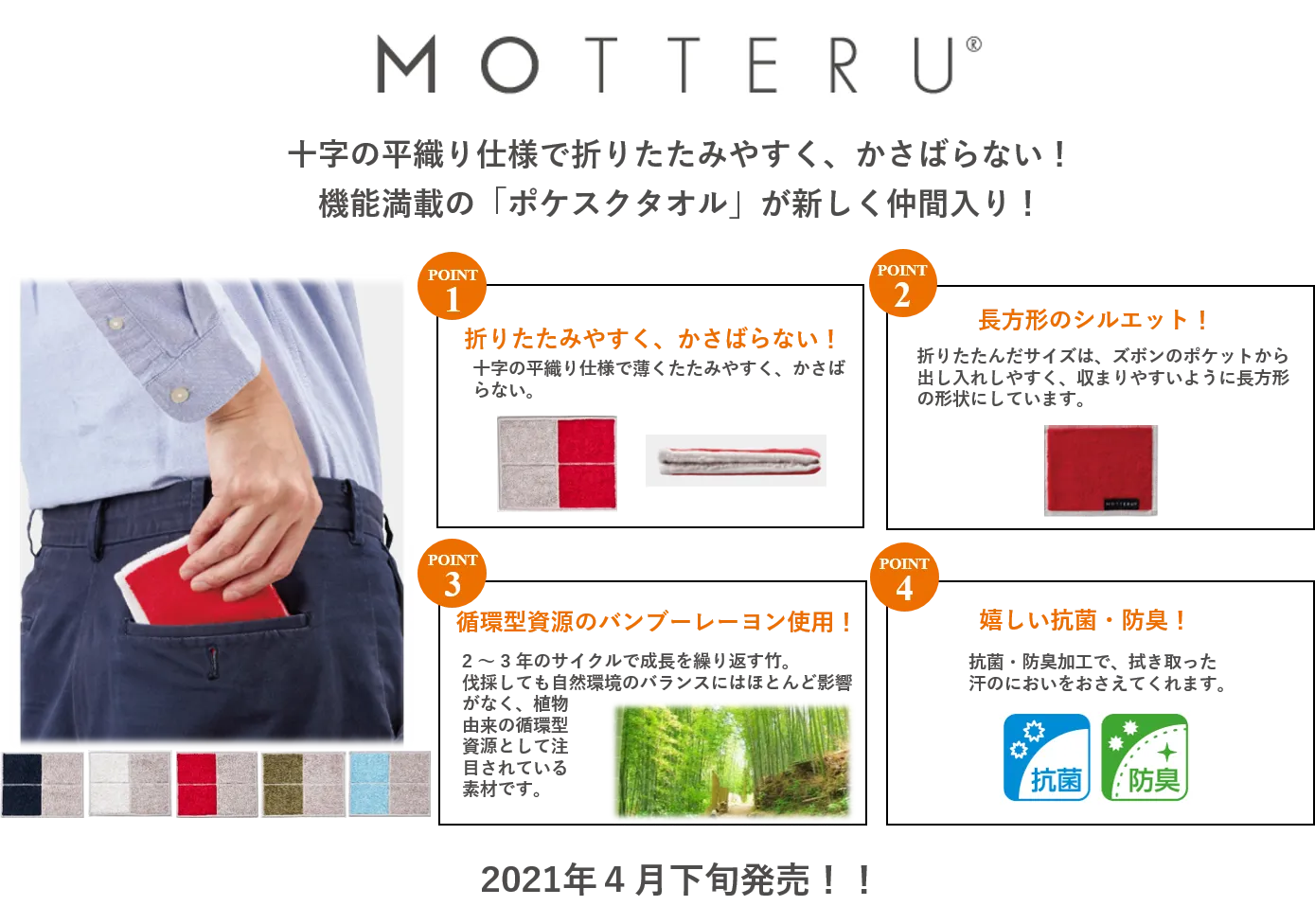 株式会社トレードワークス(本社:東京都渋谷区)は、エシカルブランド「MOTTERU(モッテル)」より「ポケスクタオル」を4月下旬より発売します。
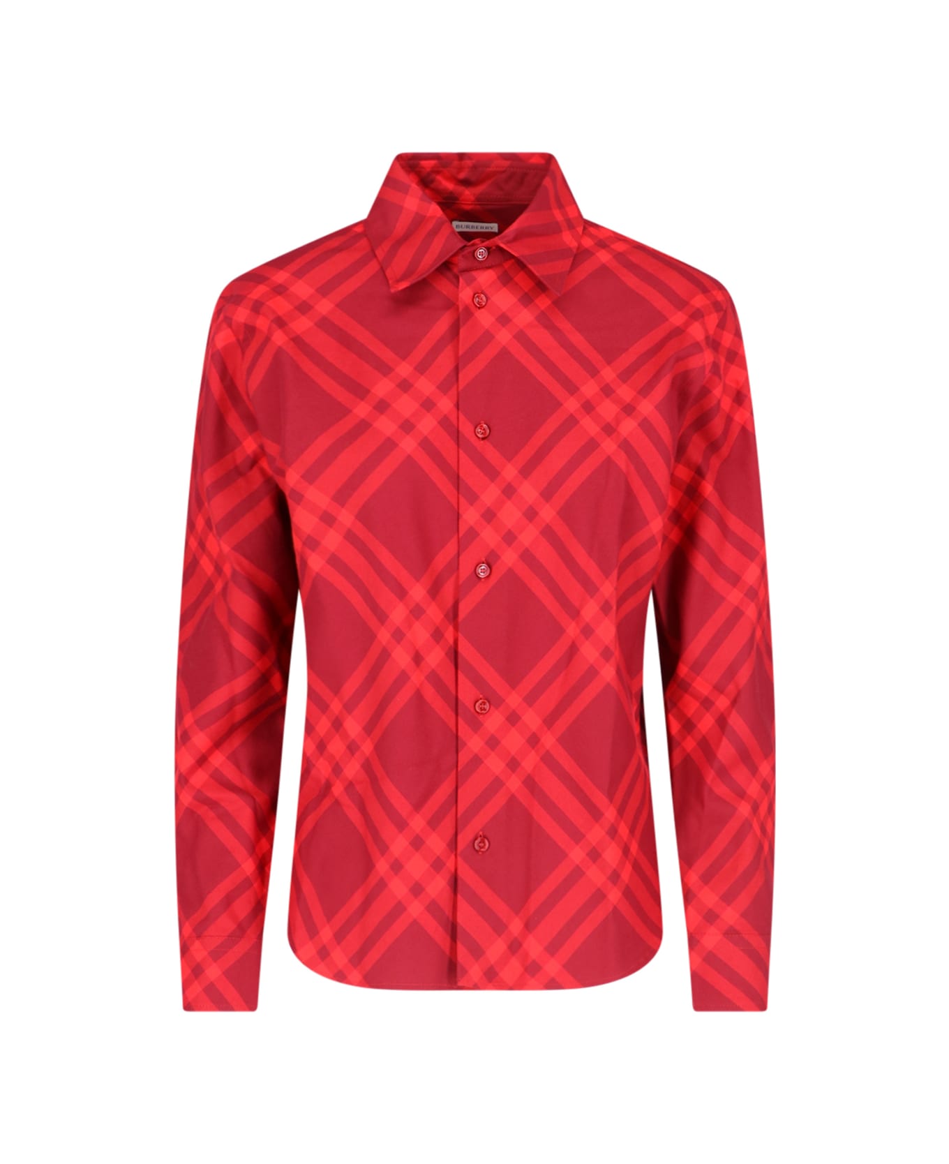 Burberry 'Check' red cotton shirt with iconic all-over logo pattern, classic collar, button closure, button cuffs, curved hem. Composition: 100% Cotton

---

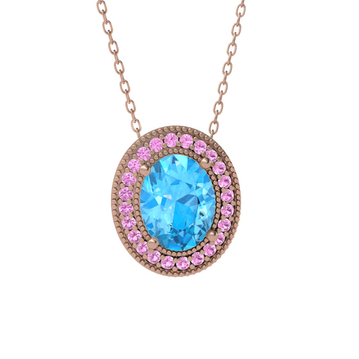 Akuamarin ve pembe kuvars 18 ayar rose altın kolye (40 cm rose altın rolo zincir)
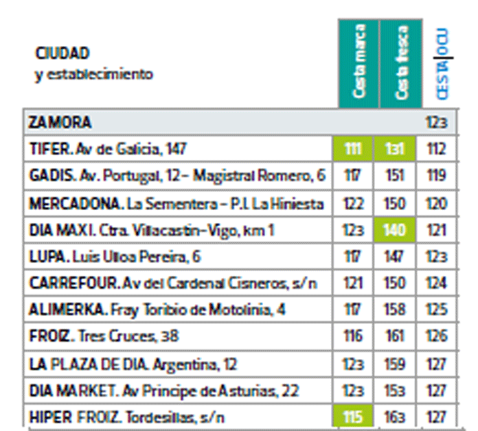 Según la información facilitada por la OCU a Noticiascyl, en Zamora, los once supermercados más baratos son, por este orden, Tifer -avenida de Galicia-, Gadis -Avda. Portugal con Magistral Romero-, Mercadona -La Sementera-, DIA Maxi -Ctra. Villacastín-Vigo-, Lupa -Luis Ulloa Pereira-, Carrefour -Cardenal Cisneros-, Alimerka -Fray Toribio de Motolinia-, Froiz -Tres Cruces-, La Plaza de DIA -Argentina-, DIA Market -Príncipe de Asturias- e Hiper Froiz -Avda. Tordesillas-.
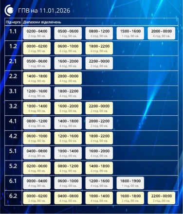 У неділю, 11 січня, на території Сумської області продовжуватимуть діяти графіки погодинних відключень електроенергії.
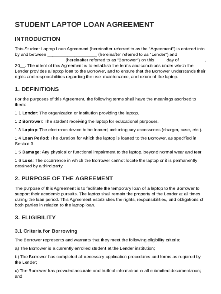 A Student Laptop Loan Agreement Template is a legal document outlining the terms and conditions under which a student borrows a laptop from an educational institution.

● Task statement
Once the line with "У неділю, 11" has been found above, output that line and every later line exactly, stopping after the line with "A Student Laptop", and omit the pictures.

● Answer
 У неділю, 11 січня, на території Сумської області продовжуватимуть діяти графіки погодинних відключень електроенергії.
 A Student Laptop Loan Agreement Template is a legal document outlining the terms and conditions under which a student borrows a laptop from an educational institution.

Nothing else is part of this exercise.